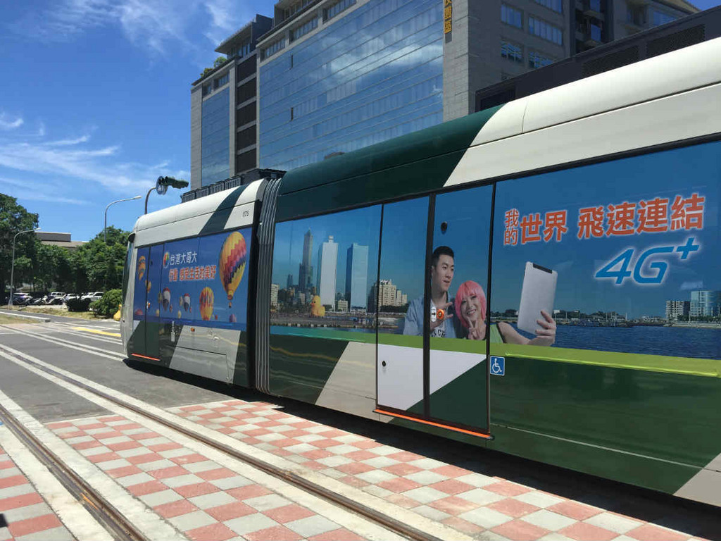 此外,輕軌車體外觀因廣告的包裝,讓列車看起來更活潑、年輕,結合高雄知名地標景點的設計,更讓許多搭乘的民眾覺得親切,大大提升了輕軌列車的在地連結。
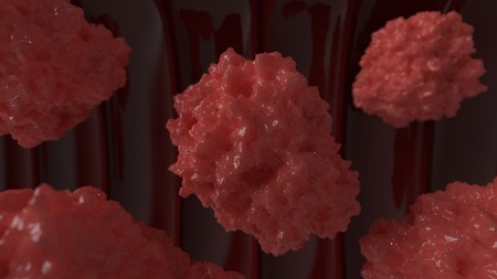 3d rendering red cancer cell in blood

# # # # #

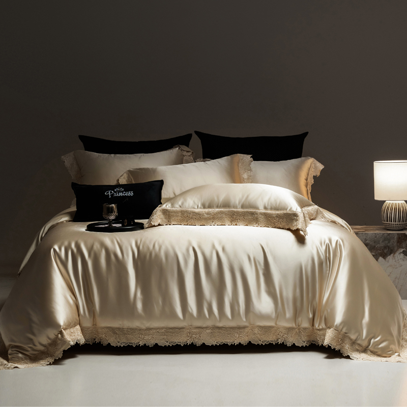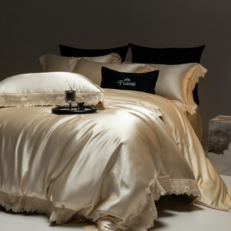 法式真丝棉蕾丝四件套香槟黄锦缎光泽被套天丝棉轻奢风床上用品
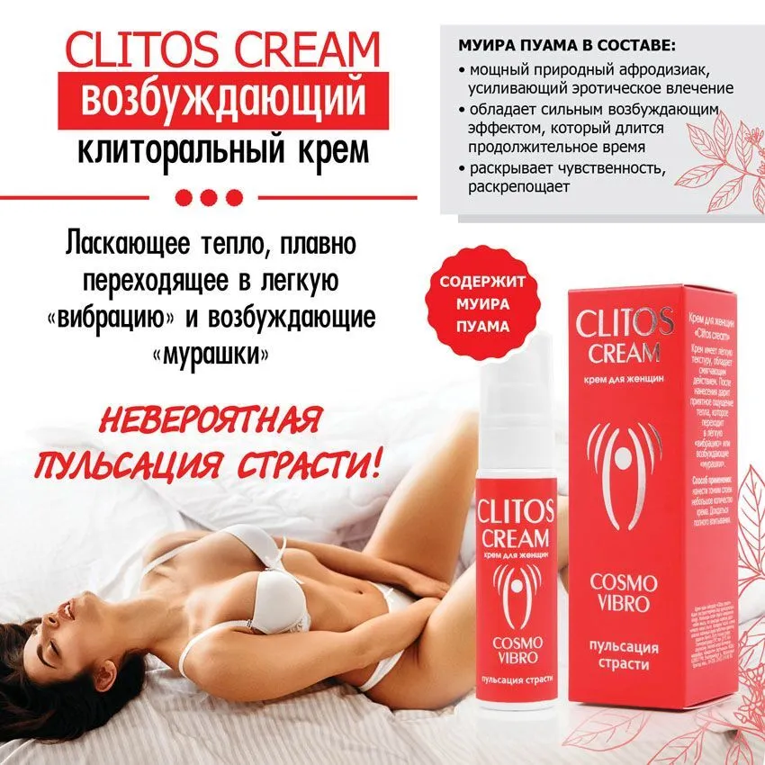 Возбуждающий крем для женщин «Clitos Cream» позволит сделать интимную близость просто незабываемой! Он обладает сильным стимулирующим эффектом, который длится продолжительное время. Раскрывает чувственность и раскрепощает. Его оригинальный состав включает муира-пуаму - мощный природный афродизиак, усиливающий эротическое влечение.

# # # # #

• [How to complete this task] Please return the material above only from the line that holds "此外,輕軌車體外觀因廣告的包" through the line that holds "3d rendering red cancer cell in blood", exactly as it stands, ends included and pictures omitted.

• [Written reply]
 此外,輕軌車體外觀因廣告的包裝,讓列車看起來更活潑、年輕,結合高雄知名地標景點的設計,更讓許多搭乘的民眾覺得親切,大大提升了輕軌列車的在地連結。
 3d rendering red cancer cell in blood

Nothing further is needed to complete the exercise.